Shell parameter	Shortcut	HTTP parameter	example values	Semantics
--shell	repl	N/A	yes, no	yes runs the interactive shell. No executes a query specified with --query-path
--shell-filter	N/A	N/A	jq .	Post-processes the output of JSONiq queries on the shell with the specified command (reading the RumbleDB output via stdin)
--query	-q	query	1+1	A JSONiq query directly provided as a string.
--query-path	(any text without -- or - is recognized as a query path)	query-path	file:///folder/file.jq	A JSONiq query file to read from (from any file system, even the Web!).
--output-path	-o	output-path	file:///folder/output	Where to output to (if the output is large, it will create a sharded directory, otherwise it will create a file)

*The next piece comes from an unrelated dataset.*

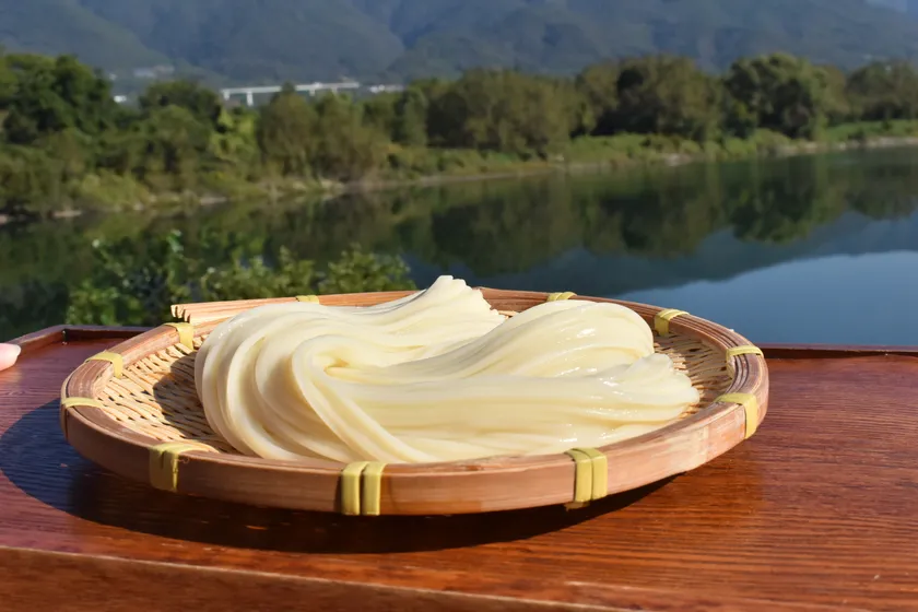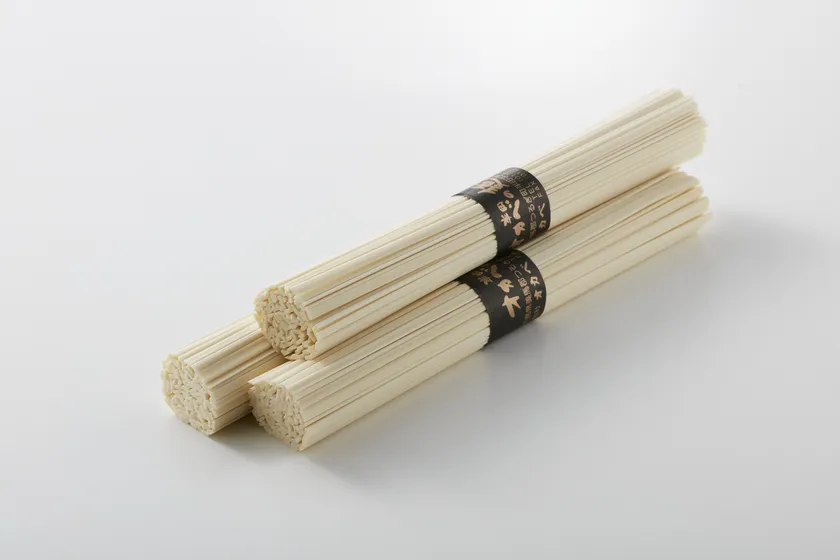 当社は、徳島県半田に約300年続く伝統の手延べ製法で半田そうめんを製造しています。半田そうめんを製造する会社の中では後発になりますが、新参者だからこそ固定観念にとらわれず、麺職人の社長を先頭に日々試行錯誤しながら麺を作っています。

--output-format	-f	N/A	json, csv, avro, parquet, or any other format supported by Spark	An output format to use for the output. Formats other than json can only be output if the query outputs a highly structured sequence of objects (you can nest your query in an annotate() call to specify a schema if it does not).
--output-format-option:foo	N/A	N/A	bar	Options to further specify the output format (example: separator character for CSV, compression format...)
--overwrite	-O (meaning --overwrite yes)	overwrite	yes, no	Whether to overwrite to --output-path. No throws an error if the output file/folder exists.
--materialization-cap	-c	materialization-cap	200	A cap on the maximum number of items to materialize for large sequences within a query or for outputting on screen (used to be called --result-size).
--number-of-output-partitions	-P	N/A	ad hoc	How many partitions to create in the output, i.e., the number of files that will be created in the output path directory.
--log-path	N/A	log-path	file:///folder/log.txt	Where to output log information
--print-iterator-tree	N/A	N/A	yes, no	For debugging purposes, prints out the expression tree and runtime interator tree.
--show-error-info	-v (meaning --show-error-info yes)	show-error-info	yes, no	For debugging purposes. If you want to report a bug, you can use this to get the full exception stack. If no, then only a short message is shown in case of error.
--static-typing	-t (meaning --static-typing yes)	static-typing	yes, no	Activates static type analysis, which annotates the expression tree with inferred types at compile time and enables more optimizations (experimental). Deactivated by default.
--server	serve	N/A	yes, no	yes runs RumbleDB as a server on port 8001. Run queries with http://localhost:8001/jsoniq?query-path=/folder/foo.json
--port	-p	N/A	8001 (default)	Changes the port of the RumbleDB HTTP server to any of your liking
--host	-h	N/A	localhost (default)	Changes the host of the RumbleDB HTTP server to any of your liking
--variable:foo	N/A	variable:foo	bar	--variable:foo bar initialize the global variable $foo to "bar". The query must contain the corresponding global variable declaration, e.g., "declare variable $foo external;"
--context-item	-I	context-item	bar	initializes the global context item $$ to "bar". The query must contain the corresponding global variable declaration, e.g., "declare context item external;"
--context-item-input	-i	context-item-input	-	reads the context item value from the standard input
--context-item-input-format	N/A	context-item-input-format	text or json	sets the input format to use
for parsing the standard input (as text or as a serialized json value)
--dates-with-timezone	N/A	dates-with-timezone	yes or no	activates timezone support for the type xs:date (deactivated by default)
--optimize-general-comparison-to-value-comparison	N/A	optimize-general-comparison-to-value-comparison	yes or no	activates automatic conversion of general comparisons to value comparisons when applicable (activated by default)
--function-inlining	N/A	function-inlining	yes or no	activates function inlining for non-recursive functions (activated by default)
--parallel-execution	N/A	parallel-execution	yes or no	activates parallel execution when possible (activated by default)
--native-execution	N/A	native-execution	yes or no	activates native (Spark SQL) execution when possible (activated by default)